The Merger Agreement provides that the Parent will be subject to certain restrictions on its ability to provide non-public information to third parties and to engage in discussions with third parties regarding alternate transactions, subject to customary exceptions. The Parent is required to call a meeting of its shareholders to approve the issuance of the Stock Consideration in the Merger in accordance with the rules and regulations of the New York Stock Exchange and, subject to certain exceptions, to recommend that its shareholders approve such issuance.
The Merger Agreement also provides for certain termination rights for both the Company and Parent, including if the Merger is not consummated on or before the date which is 180 days following the date of execution of the Merger Agreement.
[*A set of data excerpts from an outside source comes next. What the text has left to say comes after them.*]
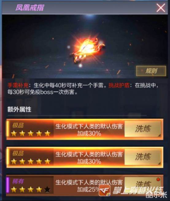 凤凰戒指对打僵尸的作用不言而喻。不仅能补充手雷,还有提高对僵尸的伤害。洗练过后,最高提高百分之九十的伤害,使你先天比别人伤害就高了一大截。有这样的戒指在手,还需要担心打不过生化僵尸么?
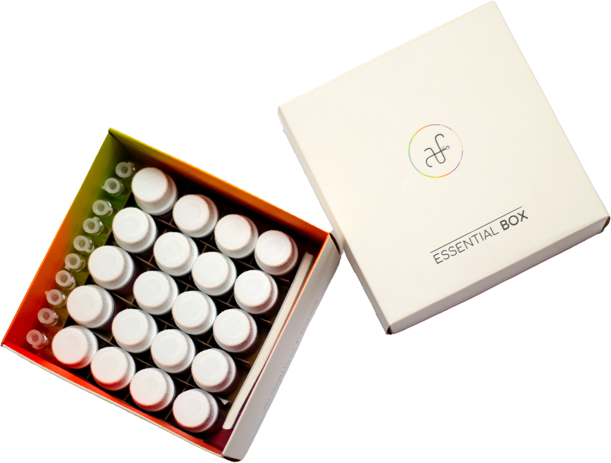 Para facilitar seus estudos, criamos um kit com essências naturais já diluídas para testes. Este coffret te permite experimentar, sentir e realizar os exercícios propostos na nossa plataforma. Durante a formação, as participantes receberão um total de 60 ingredientes, distribuídos igualmente com 20 ingredientes por módulo.
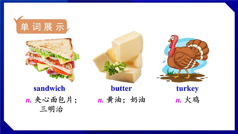 展开Unit 8 How do you make a banana milk shake?Section B 1a-1e情景导入T :Good morning / afternoon,boys and girls. Do you like to have sandwiches?What do you like to have in your sandwiches?S1:I like some meat in the sandwiches.S2:I like some cabbage in the sandwiches.T :Let's go on learning Section B to see how to make the sandwiches.n. 夹心面包片; 三明治sandwich butter turkey n. 黄油;奶油n. 火鸡单词展示n. 莴苣;生菜lettuce piecen. 片;块;段生成新知Make a list of things you like in a sandwich.In my sandwich, I like_______________________________________________________________tomatoes, lettuce and turkey , but I don’t like butter or onion.Ask and answer questions with a partner. Find out what he / she likes in a sandwich.Yes, I do.Do you like lettuce in a sandwich?Do you like tomatoes?No, I don’t.Do you like tomatoes in a sandwich?No, I don’t.Do you like onion?Yes, I do.Role-playLook at the picture in 1a. Listen and circle the words you hear. Listen again. Write the ingredients in the order you hear them. a piece of breadtomatoonioncheeselettuceanother piece of breadTapescripts:Tell your partner how to make a cheese sandwich.How much butter?First, put some butter on a piece of bread.About one spoon.How to make a simple sandwich?1. First, put some butter on a piece of bread.2. Next, cut up a tomato. Put the tomato on the bread.3. Next, put some turkey pieces.4. Then, put some butter on the turkey pieces.5. Finally, put another piece of bread.▲可数名词,意为“段、块、片、张、条、件、篇”。表示不可数名词的量时,可用“基数词+piece(s)+of+不可数名词”,可数名词也可用此结构。如:a piece of paper / advice / news / bread / meat / music / furniture一张纸/一条建议/一条消息/一块面包/一块肉/一曲音乐/一件家具piece的用法问题探究随堂练习Ⅰ. 根据句意及汉语提示完成句子。1. What do you like in your ____________(三明治)?2. How much ________(黄油) do you need?3. Here are three ________(片) of bread on the table.4. I like vegetables very much, especially________(莴苣). sandwichesbutterpieceslettuceⅡ. 翻译句子。1. 谢谢你给我制作三明治。 ________________________________________________2. 在做沙拉之前,检查一下所有的原料。 ________________________________________________ ________________________________________________Thank you for making the delicious sandwich for me.Before you make the salad, check you have all the ingredients.3. —首先,把一些黄油放到一片面包上。 —多少黄油呢? —大约一匙。 —______________________________________________ —______________________________________________ —______________________________________________First, put some butter on a piece of bread.How much butter?About one spoon.

Upon termination of the Merger Agreement under certain circumstances, including (a) the termination by the Company in the event of a change of recommendation by the board of directors of Parent, or (b) termination by the Company or the Parent if an alternative transaction is publicly proposed or publicly disclosed and not withdrawn prior to the Parent shareholder meeting and Parent enters into such alternative transaction within twelve months of termination, Parent will be obligated to pay the Holders a fee of $81 million.
In connection with the closing of the Merger, Parent will enter into a registration rights agreement (the “Registration Rights Agreement”) with certain holders of interests in the Company (the “Holders”) that will receive a portion of the Stock Consideration to be issued at the closing of the Merger (the “Issuance”). Pursuant to the Registration Rights Agreement, among other things, Parent (a) is required to file with the Securities and Exchange Commission (the “SEC”) a registration statement on Form S-3 registering for resale the shares of Parent’s common stock received by the Holders as part of the Issuance (the “Shelf Registration Statement”) and (b) will grant certain Holders certain demand and piggyback registration rights. In connection with entering into the Registration Rights Agreement, Parent will also enter into lockup agreements with certain Holders who, in the aggregate, own approximately 95% of the outstanding interests in the Company (the “Lock Up Agreements”), pursuant to which, among other things, each such Holder will agree to sell only up to a certain specified portion of the Stock Consideration received in the Issuance as follows: the Holders subject to the Lock Up Agreements may (i) not sell any Registrable Securities (as defined in the Registration Rights Agreement) on or before the date that is 30 days following the closing and (ii) sell up to an aggregate of 25% of the Registrable Securities beginning on the 31st day after closing pursuant to the Shelf Registration Statement, including pursuant to up to (a) one shelf underwritten offering on or before the date that is six months following closing and (b) two shelf underwritten offerings on or after the date that is six months following the closing. The foregoing descriptions of the Registration Rights Agreement and Lockup Agreements do not purport to be complete and are subject to, and qualified in their entirety by, the full text of the form of Registration Rights Agreement and Lockup Agreement, which are exhibits to the Merger Agreement and incorporated herein by reference.